Brief:
Excluding all pictures, please output the listing exactly.

--- Given records Enclosed Below ---

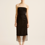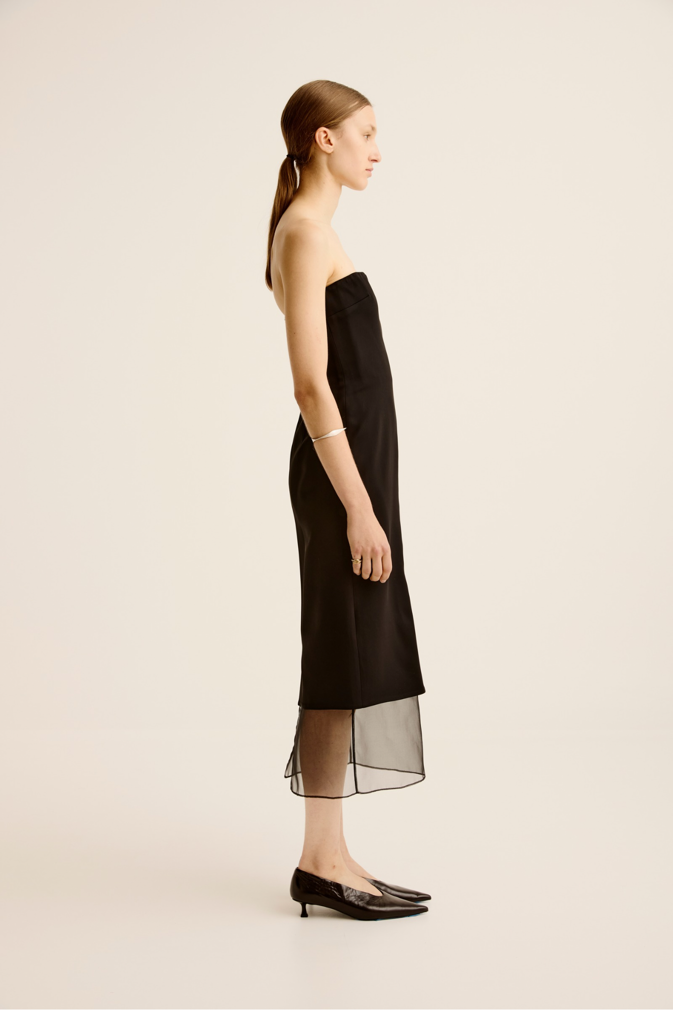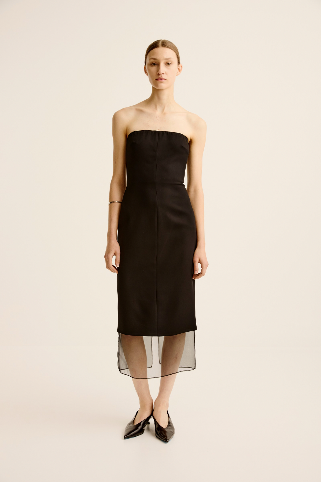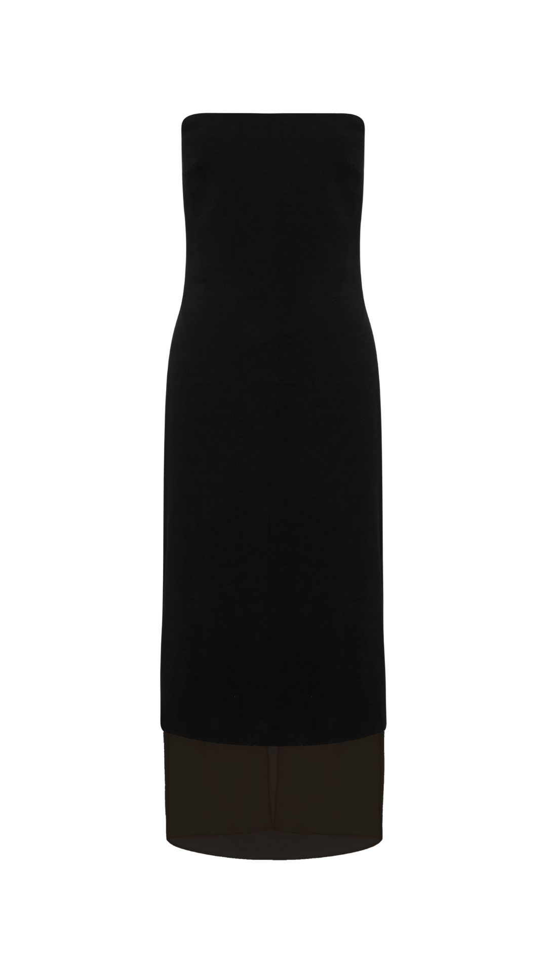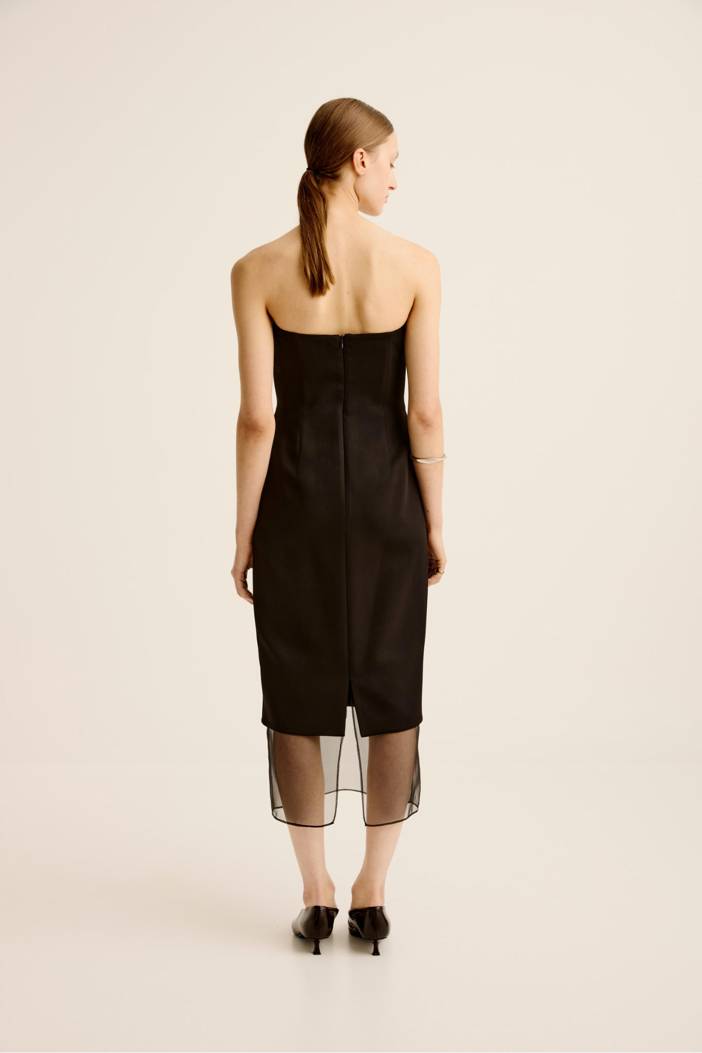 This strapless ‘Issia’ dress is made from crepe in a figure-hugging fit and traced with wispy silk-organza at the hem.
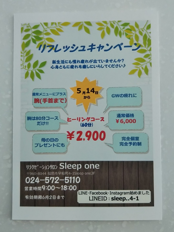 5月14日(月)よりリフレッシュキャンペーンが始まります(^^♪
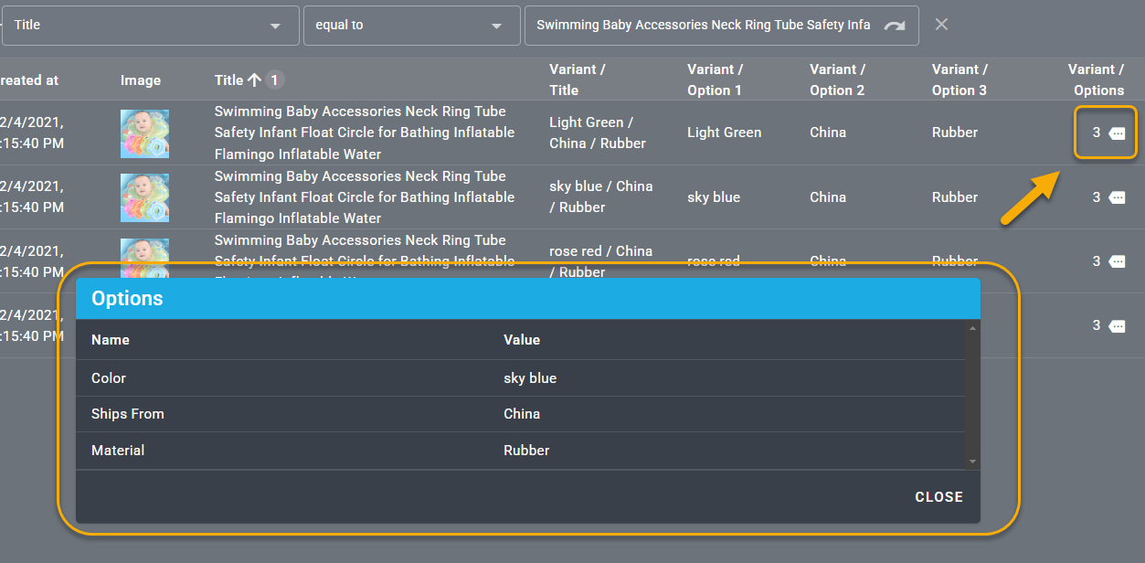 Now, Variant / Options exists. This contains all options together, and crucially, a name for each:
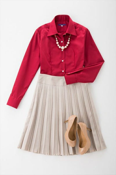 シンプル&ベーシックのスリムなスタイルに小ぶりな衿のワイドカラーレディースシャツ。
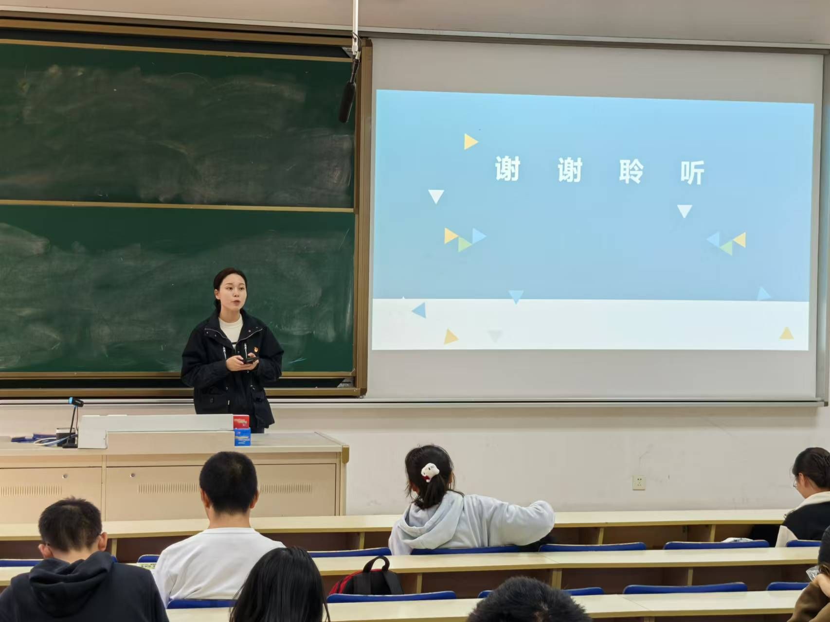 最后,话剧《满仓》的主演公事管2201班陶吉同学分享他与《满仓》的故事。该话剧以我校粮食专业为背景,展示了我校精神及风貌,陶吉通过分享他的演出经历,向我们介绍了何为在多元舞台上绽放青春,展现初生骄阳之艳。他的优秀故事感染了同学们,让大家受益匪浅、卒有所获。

--- End of Enclosed Given records ---

The answer:
 This strapless ‘Issia’ dress is made from crepe in a figure-hugging fit and traced with wispy silk-organza at the hem.
 5月14日(月)よりリフレッシュキャンペーンが始まります(^^♪
 Now, Variant / Options exists. This contains all options together, and crucially, a name for each:
 シンプル&ベーシックのスリムなスタイルに小ぶりな衿のワイドカラーレディースシャツ。
 最后,话剧《满仓》的主演公事管2201班陶吉同学分享他与《满仓》的故事。该话剧以我校粮食专业为背景,展示了我校精神及风貌,陶吉通过分享他的演出经历,向我们介绍了何为在多元舞台上绽放青春,展现初生骄阳之艳。他的优秀故事感染了同学们,让大家受益匪浅、卒有所获。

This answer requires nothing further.